# What is the deal with Dutch Passion?



## BuddyLuv (Nov 28, 2008)

OK I am not new to growing in general. I have purchased two sets of beans from Dutch Passion recently, Blueberry Fems and Purple #1. First to the Blueberry Fems, they all hermied on me. I grew five in my main room, and then I grew the other five in my BC Northern Light's Producer. Both time in different environments with different nutes they hermied at 7 weeks respectfully.
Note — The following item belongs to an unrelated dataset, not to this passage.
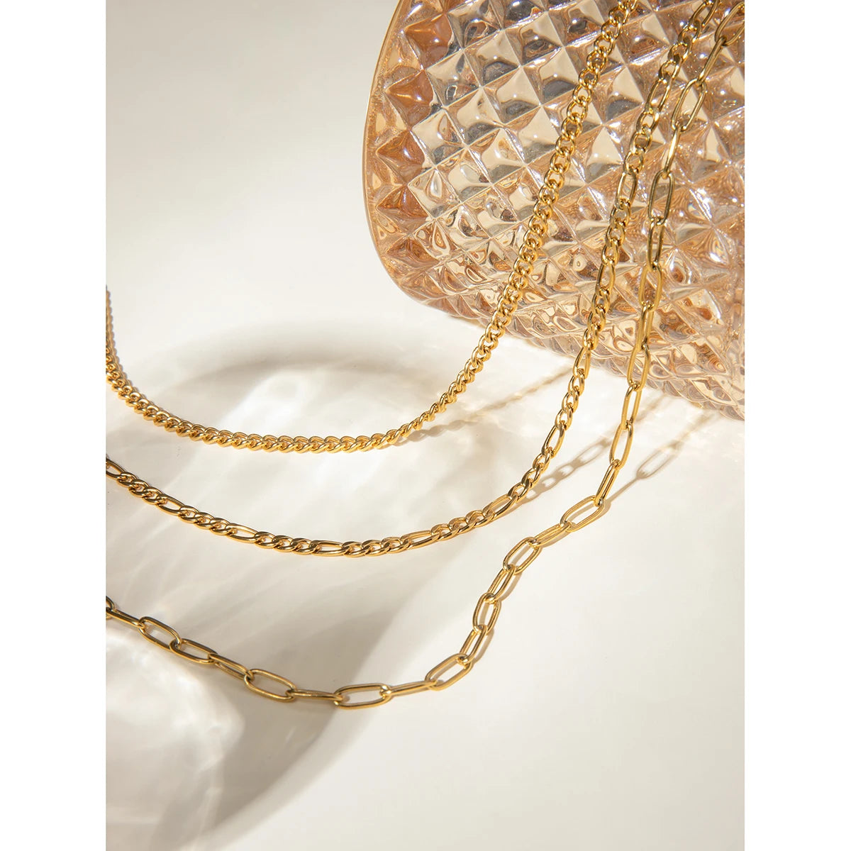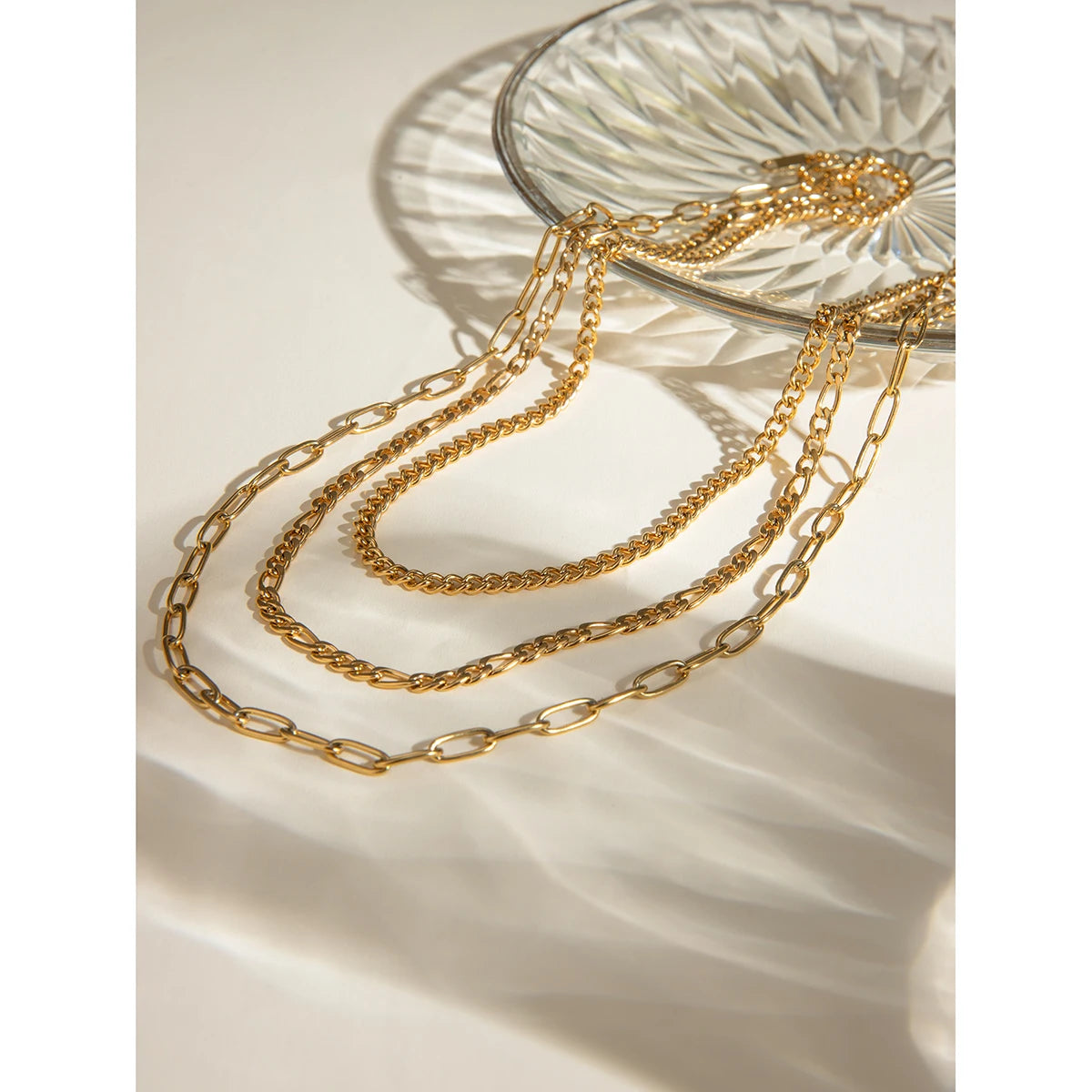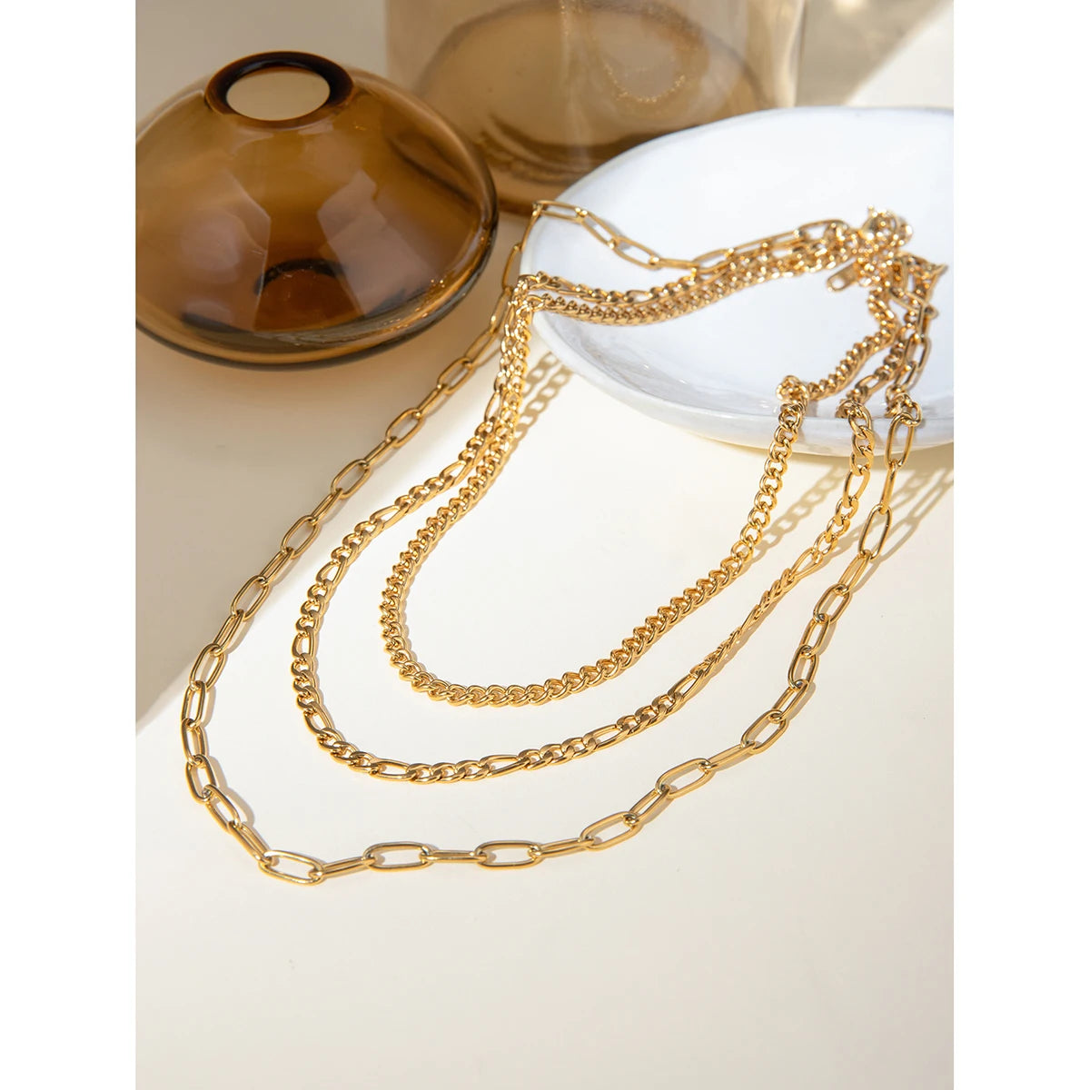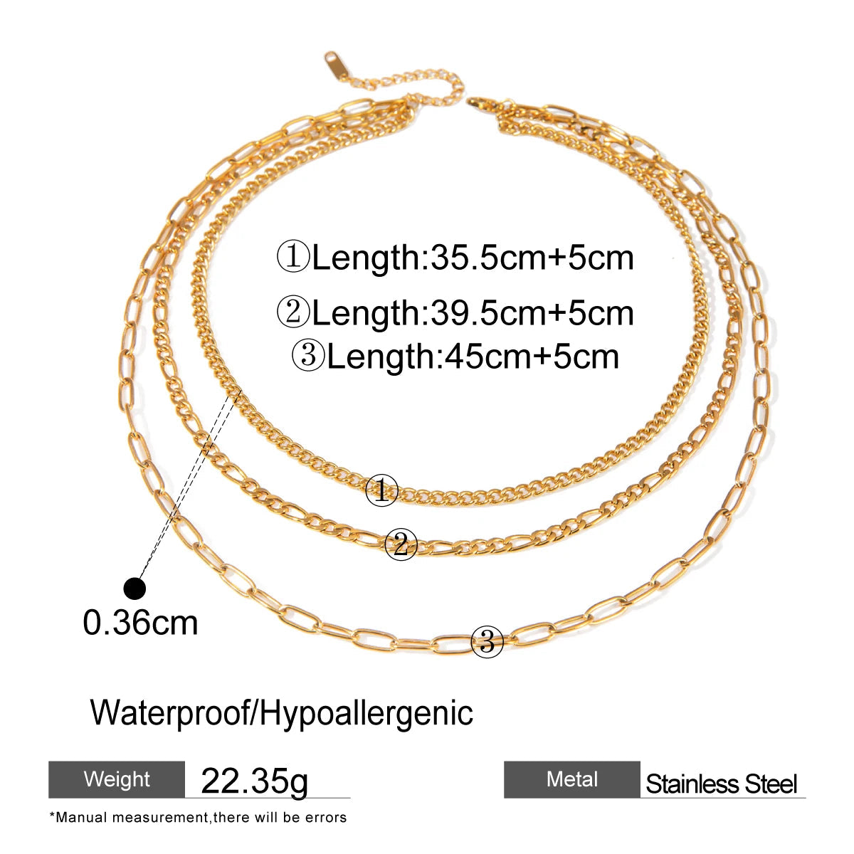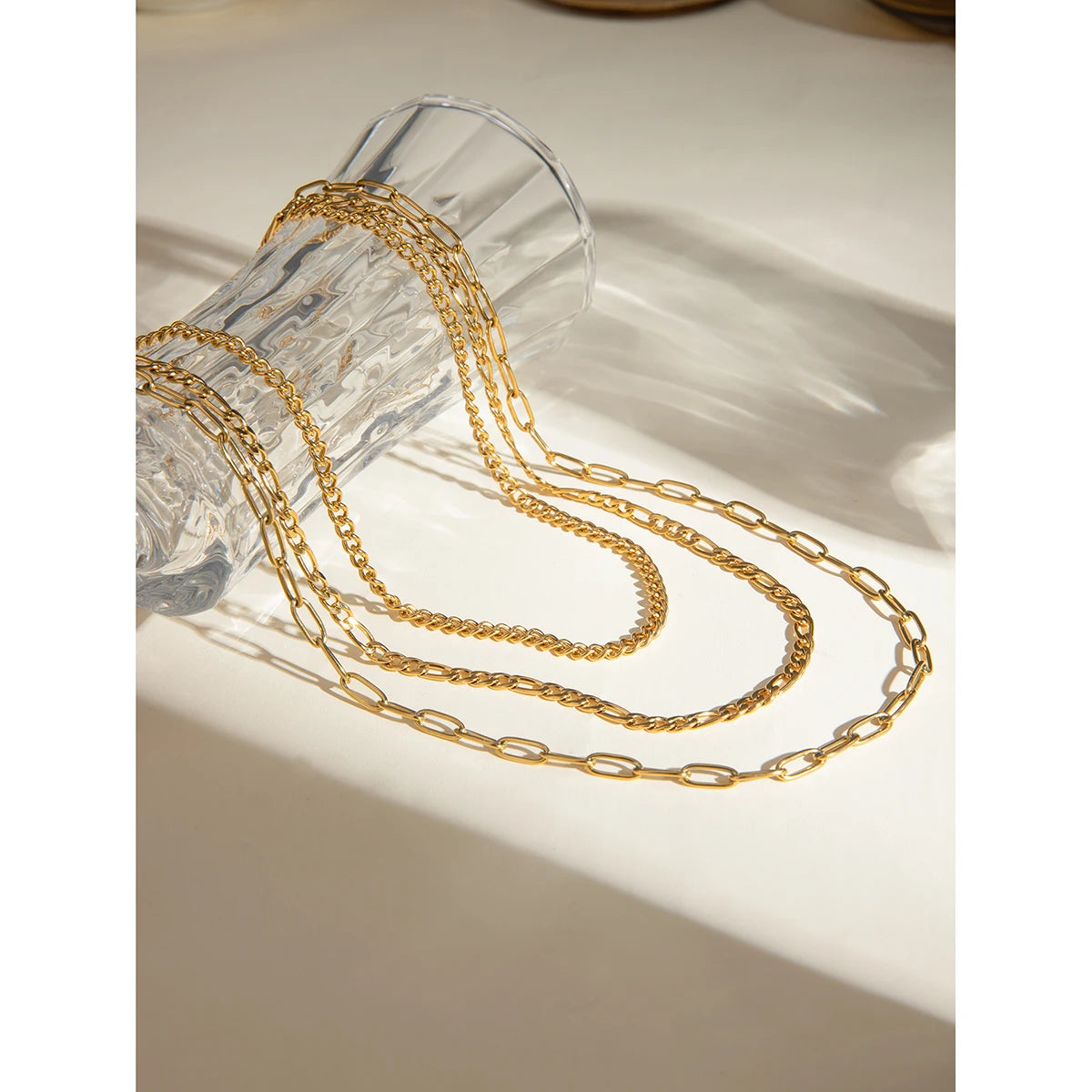 ステンレス304 低ニッケル 水に濡れても錆びにくい 18Kゴールドメッキ ネックレス チェーン 3連【YJ02147】

Now I just germinated 5 of the Purple #1 seeds and only two germinated. This is kind of getting ridiculous considering what the charge for their genetics. Nirvana has always been good to me during germination and none of the females I have gotten hermied on me. Here is a run down on the Nirvana ratios, Bubblicious 10/10 with 4 males, Top 44 10/10: 2 I killed with 6 males, Big Bud 8/10 7 males, and Purple Power 9/10 males unknown yet, Aurora Indica 10/10 males unknown yet. As you can see I am beginning to think that you do not always get what you pay for.


----------



## UKgirl420 (Nov 28, 2008)

*geez you have had some bad luck ,,,heres some green mojo for future girls :48:*


----------



## HippyInEngland (Nov 28, 2008)

Hello BuddL 

I know the feeling you have, I had a disasterous year this year with males, in the future im going to use a stable fem and clone the heck out of it.


----------



## andy52 (Nov 28, 2008)

i also have had a high rate of males.i hate its happened to you buddy,and others.i just feel better knowing i am not the only one.i understood it when i was screwing around with bag seeds,but not suppossedly good genetics.its totally hisheartening to spend all the time nurturing these plants,to have all this waste of time and money.gotta be a better way.i for one do not like keeping a mother plant,as i like to keep changing strains.i like to experiment with all the different ones.thats why i keep a journal so i can go back and see what the different plants need.


----------



## Pothead420 (Nov 28, 2008)

even if you have the perfect setup there's still a chance fem seeds will hermie
your better off getting those strains as regular beens find a keeper and turn it into a mother plant


----------



## NorCalHal (Nov 28, 2008)

Whats up Buddy. 
I too have ordered from DP numerous times. 
The only issue I had was from Feminized beans (skywalker), and yes they all hermied, but that is the trait of Feminized beans man. It wasn't enough to ruin my crop, but still a pain anyway.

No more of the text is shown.